Napoléon au faîte de sa gloire a mis à mort l’antique Saint-Empire romain germanique, que dominait l’Autriche, mais qui était tout de même bâti de manière à assurer certains équilibres en Allemagne. Est-ce que son bilan en Allemagne, ce n’est pas, finalement, une destruction de ces équilibres, au profit de l’Autriche mais surtout d’une Prusse avide de grandir et autrement plus aventureuse que son voisin du sud ? L’Allemagne n’est-elle pas plus dangereuse après Napoléon ?

Le Saint-Empire était une institution totalement sclérosée en 1806 et qui avait près de 1000 ans d’âge ! Son système électoral était devenu obsolète et la bataille d’Austerlitz va le renverser.
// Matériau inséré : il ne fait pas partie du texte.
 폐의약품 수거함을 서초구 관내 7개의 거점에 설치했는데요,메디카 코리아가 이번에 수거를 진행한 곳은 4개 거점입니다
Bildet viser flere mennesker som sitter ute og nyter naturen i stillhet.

Napoléon a sous-estimé la Prusse après sa déroute de 1806-1807. Elle va se mobiliser et présenter une armée plus moderne en 1813.

 

Quelles sont à votre sens les pistes de travail qui mériteraient d’être explorées pour mieux comprendre encore l’époque napoléonienne ?
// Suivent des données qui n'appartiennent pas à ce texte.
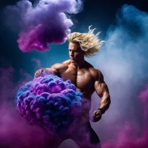 «Create an image of a blond, muscular male genie with a bodybuild...»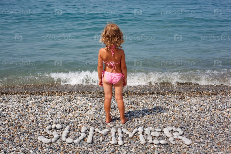 Маленькая девочка стоит на пляже рядом с водой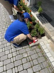 花壇に定植する際のポイントはバランスに気を付けることです。バランスが悪いと見ごろの時期になると見た目が悪くなってしまいます。徳田駅の花壇では、2列で正三角形を作り、列でしっかり一直線になるように周りの花と比べて位置を調整しながら定植を行いました。

Elles sont très nombreuses : il n’a a pas grand chose sur Haïti, sur certains personnes (on peut penser à une biographie de Brune, de Mortier...), et de nombreux civils. La période est si importante que beaucoup de choses seraient à publier.

 

Vos projets, vos envies pour la suite ?

J’ai une seconde édition du Dictionnaire de la Grande Armée à paraître en 2019. La première édition date de 2002 et depuis, les bicentenaires ont apporté un lot de publications important. À paraître également à la même période, une biographie de Pauline Bonaparte. N’oublions pas également la quatrième édition du Guide touristique napoléonien... La "Bible" pour voyager quand on s’intéresse à cette époque.

 

Un dernier mot ?

Ce livre sur l’Allemagne a été présenté dans la presse d’une manière généreuse. C’est actuellement le seul ouvrage sur ce sujet publié en langue française et citant les trente-neuf États qui formèrent la Confédération du Rhin.
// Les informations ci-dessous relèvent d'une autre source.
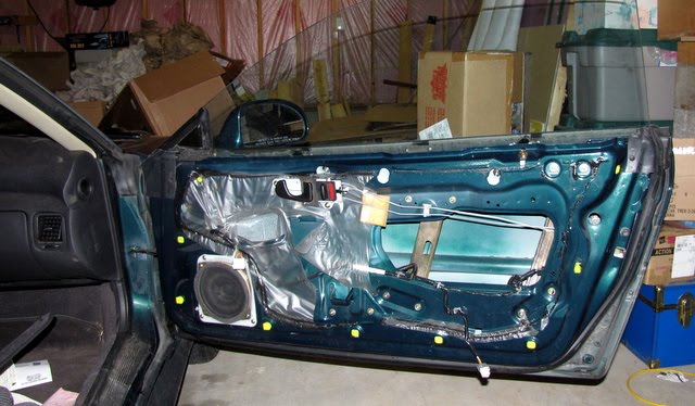 Dave’s car is a 1993 Dodge Stealth, and for the last few months we’ve had a broken window regulator on the passenger side. When I first looked for a replacement part, it was around $170! So we wedged the window up and put up with it for a few months. After Christmas we decided to splurge, and found the part for around $100, so tonight I spent a fun evening installing it.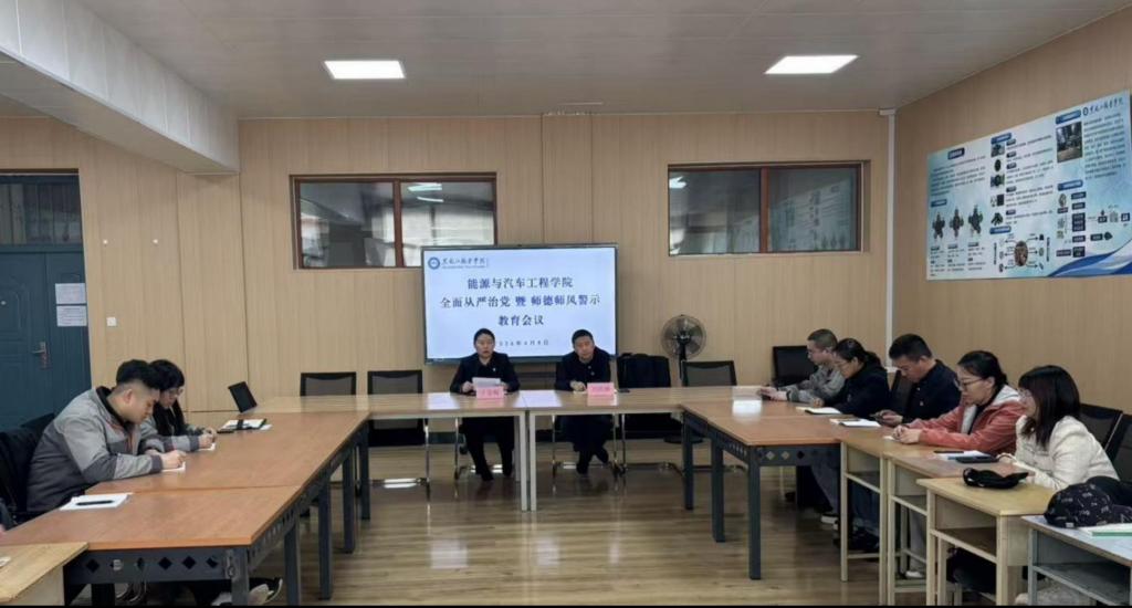 为深入推进全面从严治党向纵深发展,持续强化师德师风建设,筑牢教师思想防线与纪律底线,4月8日下午,能源与汽车工程学院在文萃楼104室召开全面从严治党暨师德师风警示教育会议。会议由院长于雪梅主持,副书记刘铁铸及分院全体教师参会。

Au sujet de l’Allemagne, il est intéressant de noter que dans la Rhénanie, après l’Empire, se créèrent de nombreuses sociétés d’anciens soldats de Napoléon dont les monuments existent encore de nos jours. La notoriété de Napoléon est également très grande dans le monde de la reconstitution, et nombreux sont les Allemands qui enfilent avec fierté l’uniforme (souvent français) de l’époque napoléonienne ! En 2006, il y eut des milliers de personnes acclamant Napoléon à cheval suivi de son état-major (l’Américain Mark Schneider jouait le rôle de l’Empereur). Le cortège passant sous la porte de Brandenbourg, comme en 1806... Étonnant.